Il est à souligner qu’outre les salariés, la population locale et les élus (la mairie de Vénissieux, le député de la 14ème circonscription du Rhône, le conseil régional et la communauté urbaine de Lyon), sans oublier les retraités de Veninov, ont amené leur soutien de tous les instants à cette lutte. De même, les syndicats CGT de l’union locale, mais aussi de tout le département, ont participé nombreux aux rassemblements locaux et ont apporté toute leur solidarité à cette bataille, y compris financière.
Cela a payé, les salariés ne se sont pas battus pour rien. A la sortie du tribunal de Nanterre, le délégué CGT Stéphane NAVARRO s’exprimait ainsi : “ Notre combat touche à sa fin, on est très fiers. C’est un truc de fou ! Il reste des choses à organiser, comme trouver une date pour aller en Autriche rencontrer nos nouveaux patrons. Notre priorité, c’est que tous ceux qui se sont battus pour la survie de Veninov soient repris. Cela devrait être faisable. »
Pour François Marques, secrétaire général CGT de l’union locale de Vénissieux « nous sommes heureux d’avoir été de cette action et fier de la CGT. Tous les efforts que nous avons déployés autour de Veninov ont rendu ce succès possible, mais c’est uniquement parce que les salariés de l’entreprise n’ont pas lâchés. »

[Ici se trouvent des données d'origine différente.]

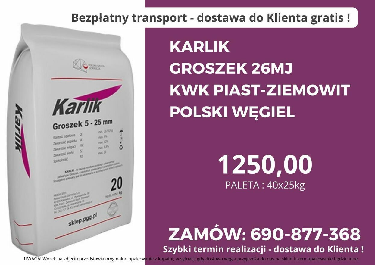 KARLIK 26 MJ ,Polski Węgiel GROSZEK - TRANSPORT GRATIS !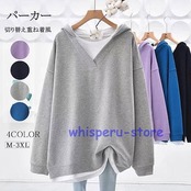 パーカー レディース オーバーサイズ 春秋コーデ 薄手 スウェット トレーナー フェイクインナー ゆったり 着痩せ 秋服 暖かい アウター 秋冬 オシャレ 大人気

Ce projet de reprise prévoit le redémarrage de la production pour le mois de septembre 2012, avec la reprise de 40 à 50 salariés dans un premier temps et des investissements de 20 millions d’euros sur 3 ans. Une délégation va d’ailleurs se rendre très prochainement en Autriche pour rencontrer la nouvelle direction.
Toutes les procédures ne sont pas pour autant terminées. Une procédure concerne directement le fonds d’investissement américain Gordon Brothers, qui avait accordé fin 2010 un prêt de 9,7 millions d’euros au groupe allemand Alkor Venilia car à l’époque propriétaire de Veninov.
Aujourd’hui, le liquidateur réclame 88 millions d’euros à Gordon Brothers, qu’il estime responsable de la faillite. Une enquête pénale a également été ouverte suite à une saisine par le préfet du Rhône qui considère que le prêt de Gordon Brothers était « illégal et réalisé dans des conditions léonines ».
Néanmoins, avant que l’entreprise ne reprenne ses droits et ses activités avec cette nouvelle direction autrichienne, une nouvelle initiative est d’ores et déjà programmée le 1er juin prochain dans les locaux de Veninov. Mais celle-ci sera festive et fraternelle et un moment de convivialité pour fêter la victoire et remercier tous ceux qui depuis plus d’un an ont soutenu cette lutte.